Medea did indeed remember him from the days of her childhood, when Alexei Kirillovich, who was a student at the time, had rented a room in their house before he went to England. The Crimea attracted a lot of naturalists then. Now both the Sinoply sisters were waiting for Alexei Kirillovich’s return.

He, meanwhile, had been allocated his accommodations, a winter dacha beside the Timiryazev park. The dacha was so run-down it had to be hastily redecorated, and additionally Alexei Kirillovich had a major new lecture course to prepare on general entomology, as well as a special course on “orchard pests.”

Alexandra’s son didn’t, however, wait for them to move to Moscow and was born under the supervision of his Aunt Medea at the same Theodosia city hospital in which Matilda had given birth to all of her children. Only Dr. Lesnichevskii was no longer in the land of the living.

Two weeks later, without advance warning, Alexei Kirillovich arrived at Medea’s door. He knew from Alexandra’s letters that shortly before the birth she had moved in with her sister. He found a young woman sitting by the window on a bentwood Vienna chair with cropped ginger hair half-concealing her face, and a round-headed baby sucking at her bluish-white breast. This was his family. It took his breath away.

Two days later, Alexei Kirillovich and his new family departed for Moscow. There was no need for Medea to travel with them, but by now she had become so attached to her nephew, whom she had already christened, becoming his godmother in the process, that she took time off work and went with them to help Alexandra settle into her new home. That month, the first month of little Sergei’s life, she vicariously experienced to the full the motherhood that would never be hers.

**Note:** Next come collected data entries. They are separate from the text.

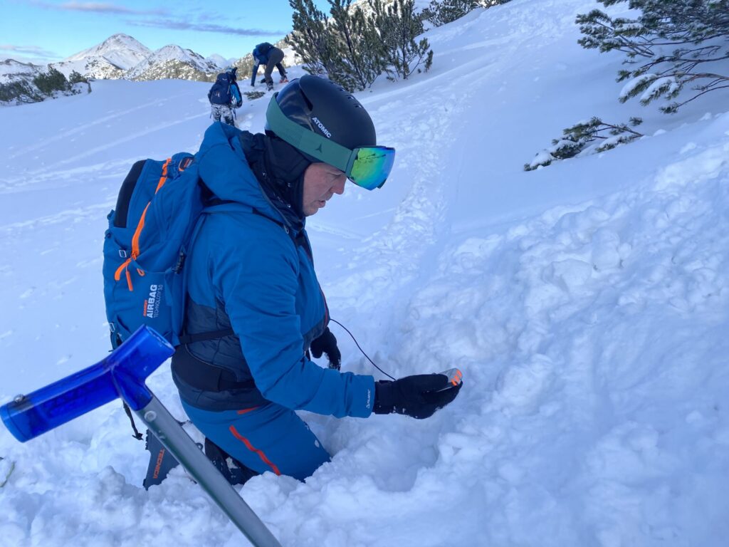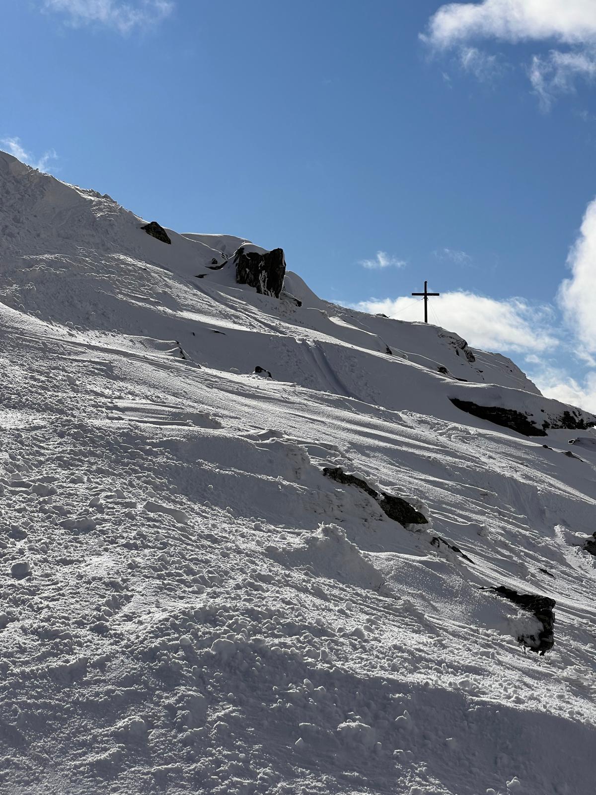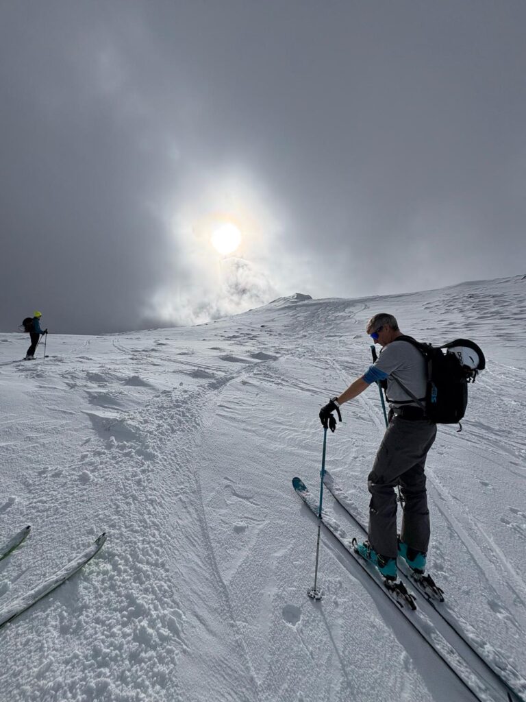 Am Samstag geht es mit dem Gläserbodenlift hinauf und etwas schneearm und deshalb teilweise rutschend hinunter zum Dientensattel und weiter in den Zwischentalboden vor der Hintergullingspitze. Den Aufstieg zum Gipfel begleitet uns die Sonne und taucht den Nordwesthang in herrliches Licht. Mit wechselnder Führung erreichen wir den Kamm und den Gipfel. Die Südwestseite lassen wir sein und fahren wie geplant die Südostseite ab. Dort ist eine feine Triebschneeauflage auf tragendem Untergrund gut zu fahren. Erst im Kessel sind einige Meter schnittiger Harschdeckel bevor es weich wird. Wir geniessen die Jause und Sonne und steigen dann wieder zum Hintergullingspitz auf und fahren die Nordwestseite in lässige zu fahrenden Triebschnee ab. Im Hang testen wir die Schneedecke und der ECT24 ist ganz ok. Aber schon ein paar Meter weiter schaut es nicht mehr so gut aus. Wir bleiben also vorsichtig und defensiv. Im Skigebiet treffen wir Jana und machen eine Lawinenübung. Ich versinke schon beim Vergraben soweit im Schnee, dass ich nur mit Mühe wieder herauskomme und die weitern Vorbereitungen auf Skiern mache.
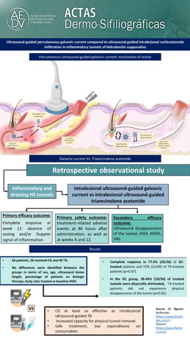 Ultrasound-guided Percutaneous Galvanic Current Compared to Ultrasound-guided Intralesional Corticosteroid Infiltration in Tunnels of Hidradenitis Suppurativa
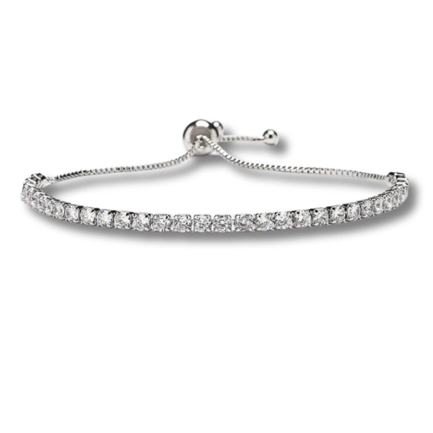 Get ready to turn heads with this radiant diamante slider bracelet, where gleaming stones nestled in silver-plated settings create pure wrist magic. Whether you're marking a milestone, walking down the aisle as a bridesmaid, or simply wanting to add some sparkle to your everyday look, this versatile beauty delivers instant elegance. From Mother's Day surprises to anniversary celebrations, christenings, or birthday tributes, it's the gift that says you're fabulous—and means it. Timeless, dazzling, and endlessly charming.
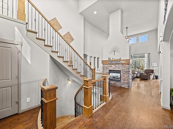 Nestled in a quiet cul-de-sac, this stunning two-story home offers luxury and functionality with main-level living and breathtaking mountain views from the upper-level loft and covered balcony. Inside, you'll be greeted by rich hardwood floors and a dramatic two-sided fireplace that anchors the spacious main floor.
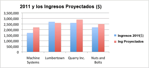 Las columnas azules son las mismas, pero ahora están acompañadas de cuatro nuevas columnas de color rojo que representan la ganancia proyectada. Si bien los datos pueden expresarse en una tabla, con una gráfica de barras puedes hacer una comparación rápida, aunque pierdes los detalles de los valores exactos. Observando esta gráfica sabemos que a pesar de que Lumbertown tuvo las mejores ganancias en el 2011, sus ganancias proyectadas decrecieron. De lo contrario, Machine Systems proyecta un aumento en sus ganancias. Estudiar los datos visualmente puede ayudarnos a entender la historia que nos cuentan los datos.
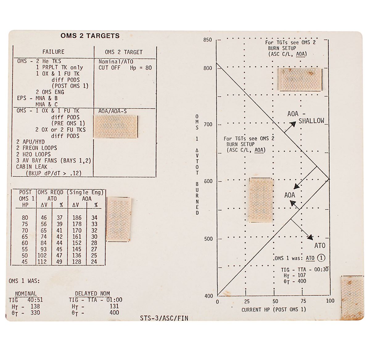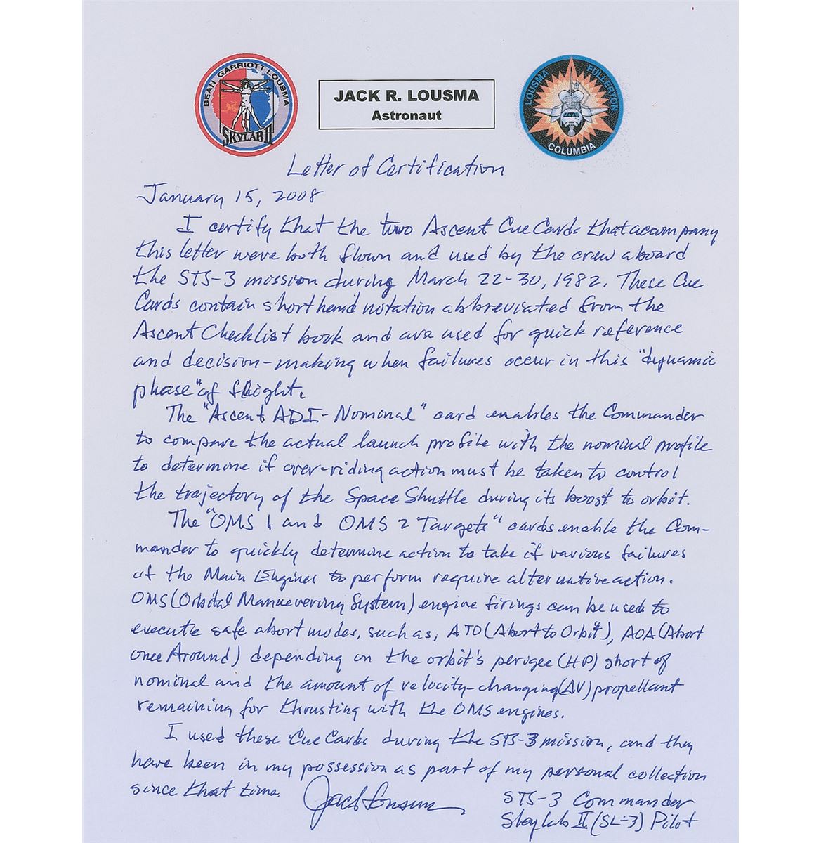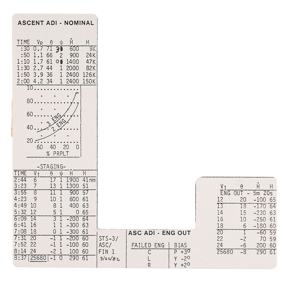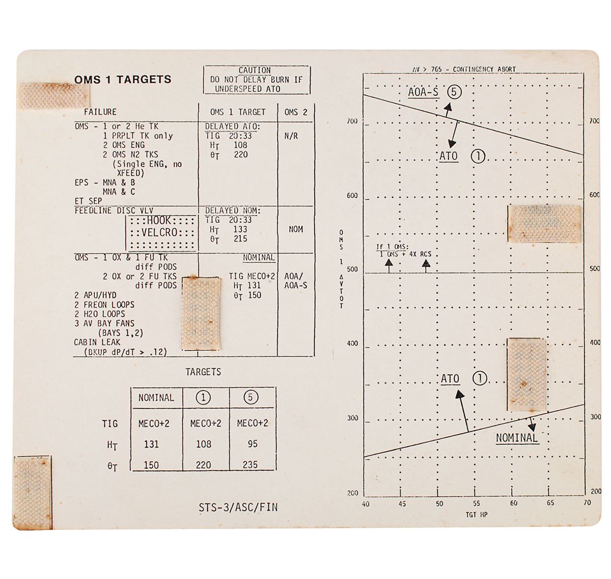 Flown pair of cue cards carried on the Space Shuttle Columbia during the STS-3 mission: a double-sided card headed “OMS 1 Targets” and “OMS 2 Targets,” bearing several affixed swatches of Velcro to both sides, 8 x 6.75, listing procedures enabling the commander to determine the action to take in case of main engine failure; and a single-sided card headed ”Ascent ADI—Nominal,” bearing two swatches of Velcro affixed to the reverse, 7 x 6.5, enabling the commander to determine if overriding action must be taken to control the trajectory of the Space Shuttle during its boost to orbit. In overall fine condition. Accompanied by a detailed handwritten and signed letter of provenance from Lousma, in part: "The two Ascent Cue Cards that accompany this letter were both flown and used by the crew aboard the STS-3 missions during March 22–30, 1982. These cards…are used for quick reference and decision-making when failures occur in this 'dynamic phase' of flight."
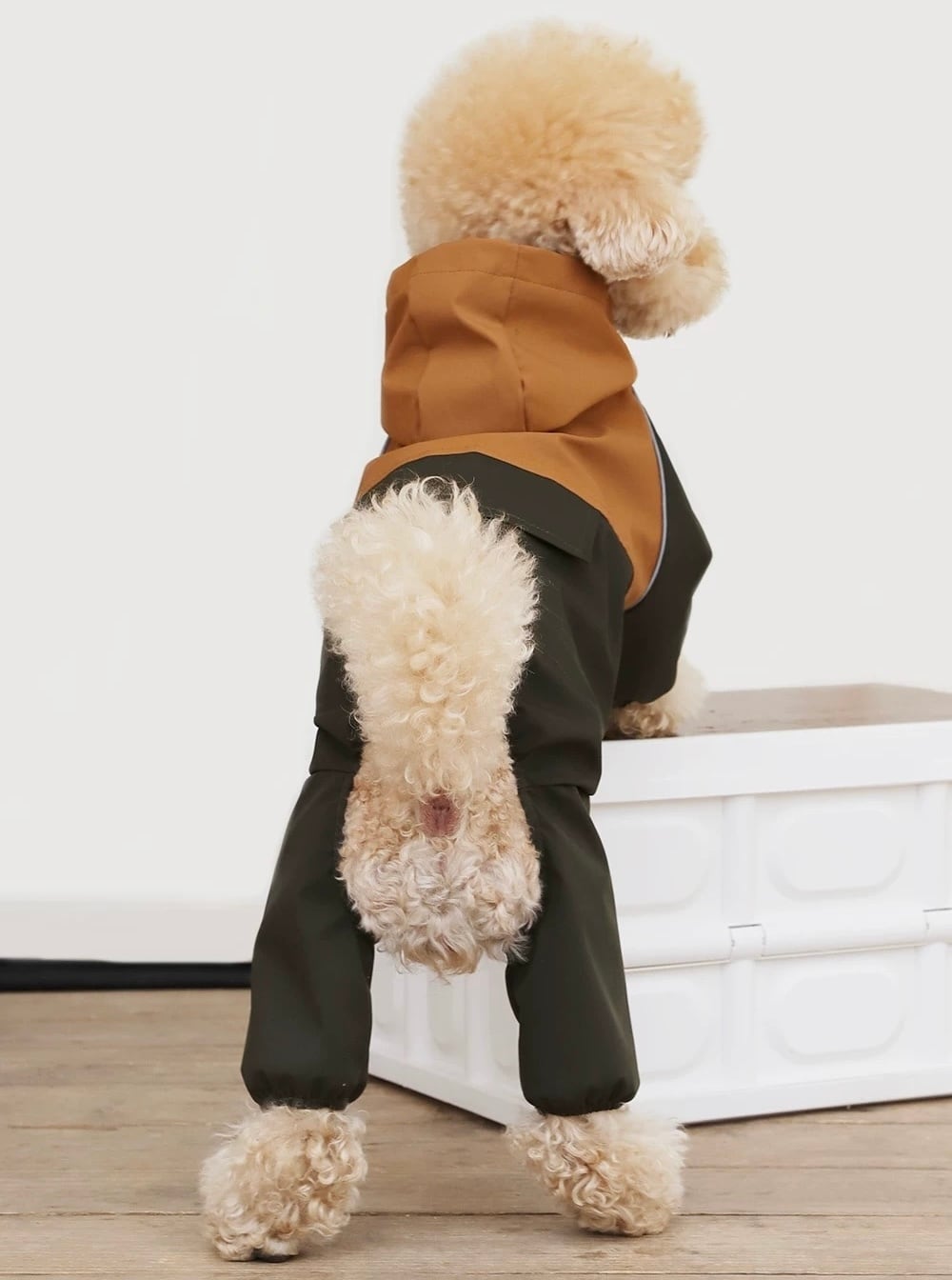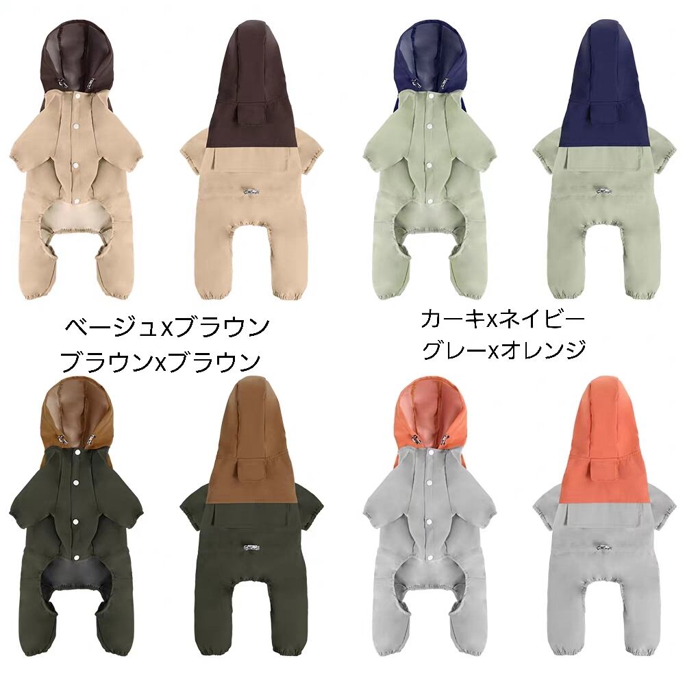 フード付きの全身カバータイプで、 泥はねや濡れを防止。お手入れがしやすくアウトドアや普段のお散歩に大活躍。
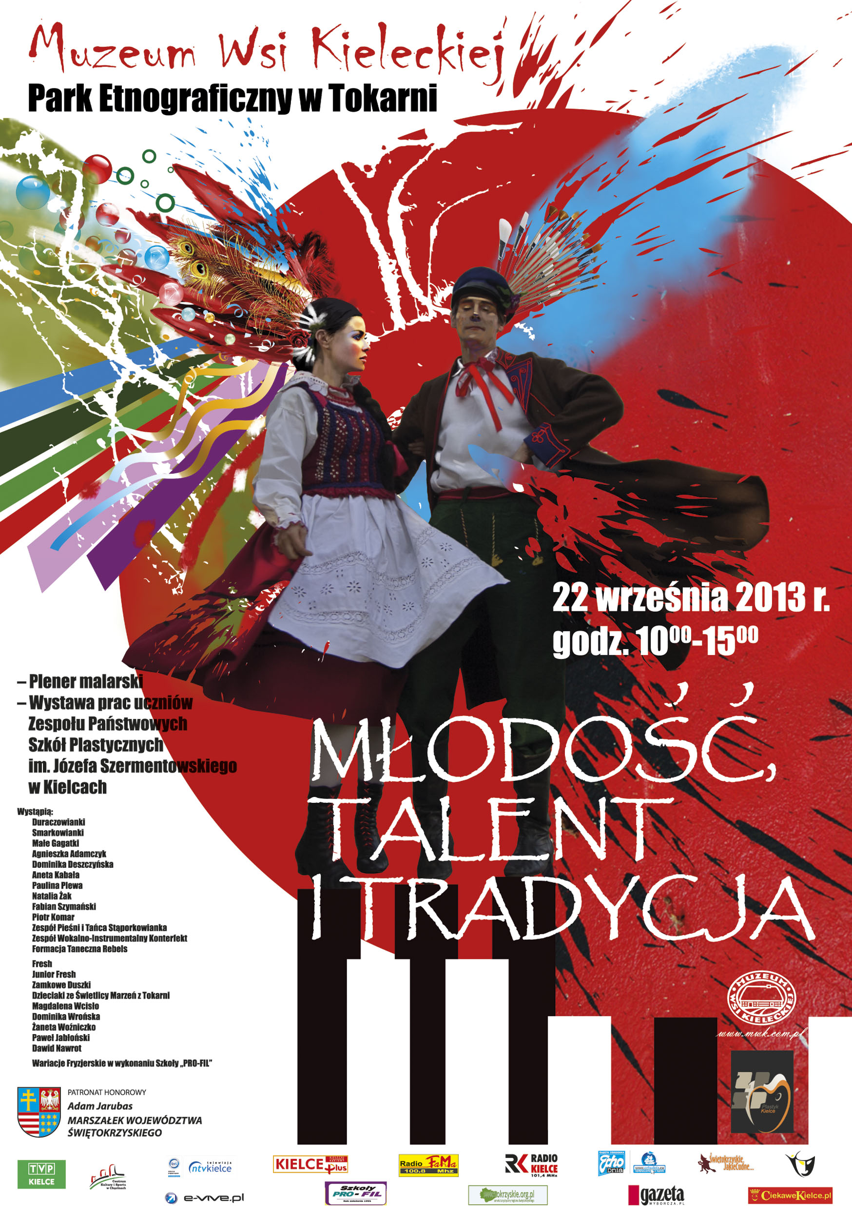 Serdecznie zapraszamy w najbliższą niedzielę 22 września 2013 r. w godz. 10.00 – 15.00 na imprezę „Młodość, Talent i Tradycja” do Parku Etnograficznego w Tokarni. To już kolejne wspólne przedsięwzięcie Muzeum Wsi Kieleckiej oraz Zespołu Szkół Plastycznych im. Józefa Szermentowskiego w Kielcach. Tego dnia w skansenie odbędzie się największy plener malarski z udziałem uczniów "Plastyka", w którym weźmie udział ok. 50 młodych artystów. W spichlerzu z Chęcin zostanie otwarta wystawa prac, przygotowana przez ZSP. Na scenie wystąpią młodzi soliści, zespoły dziecięce i młodzieżowe, a także Duraczowianki, formacja taneczna Rebels, młodzieżowy zespół wokalno-instrumentalny Konterfekt, Małe Gagatki, Zespół Pieśni i Tańca Stąporkowianka. W wariacjach fryzjerskich zaprezentują się uczniowie Szkoły PRO-FIL.
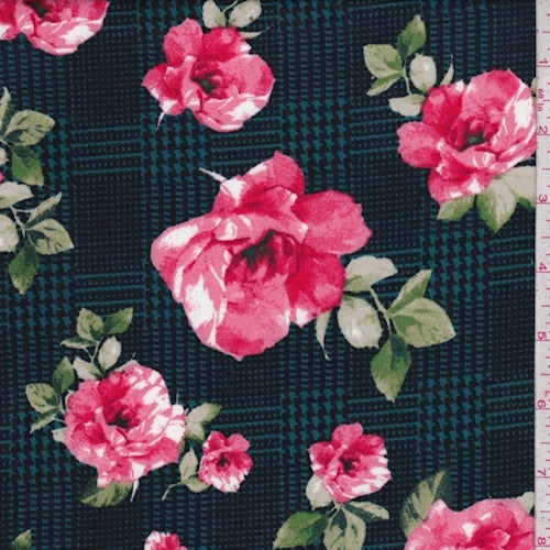 Teal/Pink Glen Plaid Floral Double Brushed Jersey Knit Fabric
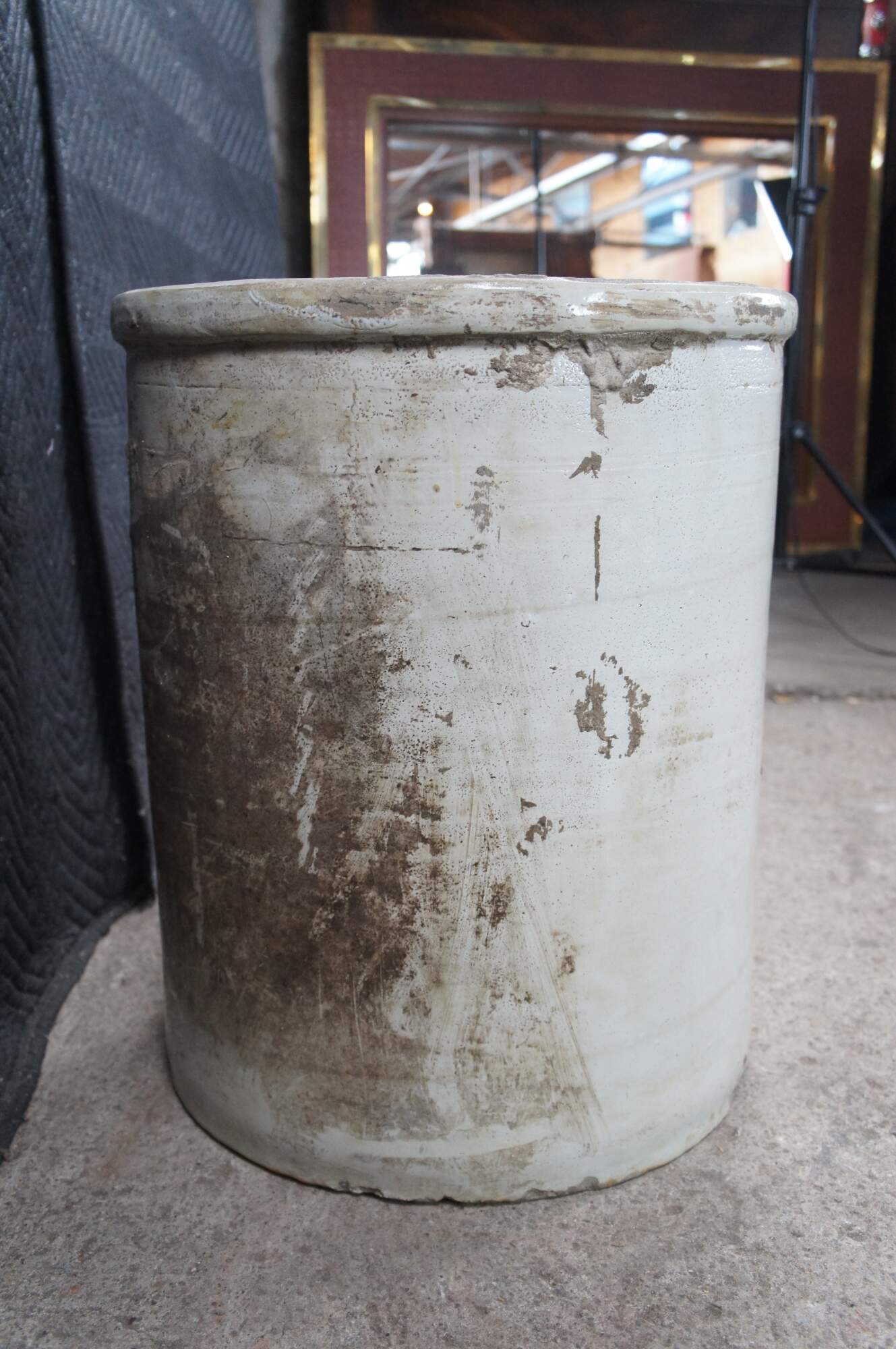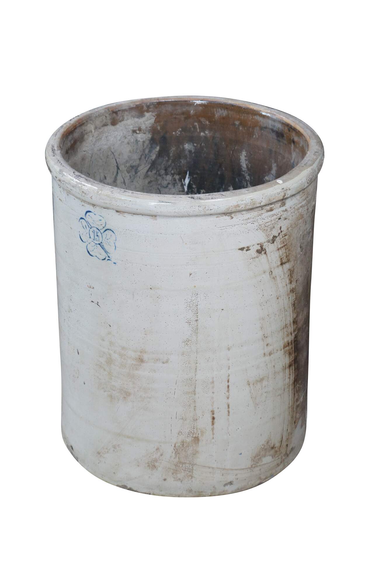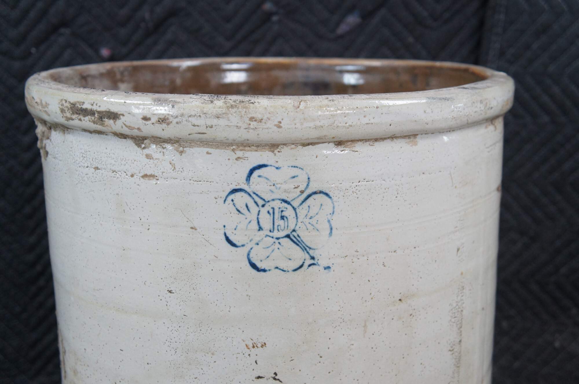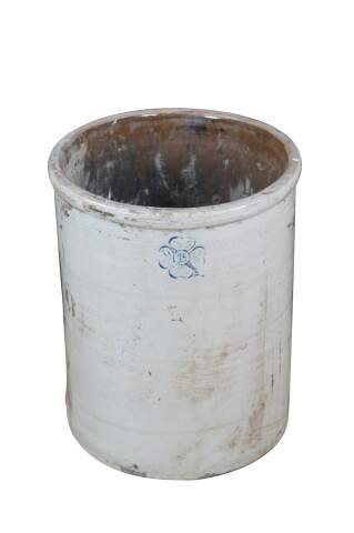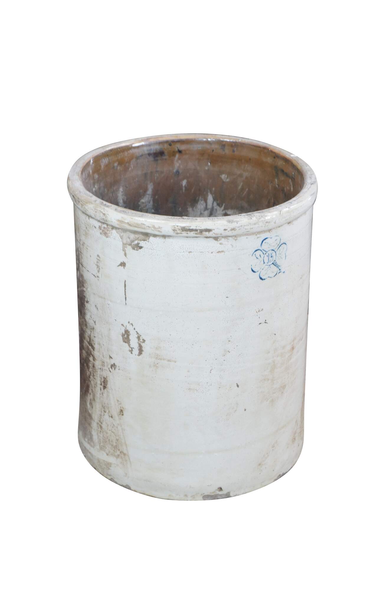 Antique Alabama Miller Pottery 15 Gallon Stoneware Crock. Features their signature clover leaf along the front.

Sometimes it seemed to her that her own breasts were filling with milk. She returned to Theodosia with a sense of profound inner emptiness and loss. “My youth is over,” Medea guessed.

CHAPTER 7

Valerii Butonov came from the Rastorguevo district of Moscow. He lived with his mother, Valentina Fyodorovna, in a low private house which had long been threatening to fall apart. He had no recollection of his father and as a boy was convinced that his father had died in the war. His mother did not particularly insist on that, but neither did she undermine the legend. Valentina Fyodorovna’s short-stay husband had signed up for contract work somewhere in the Russian North even before the war. He had sent back one letter of little interest and then dissolved forever in the polar wastes.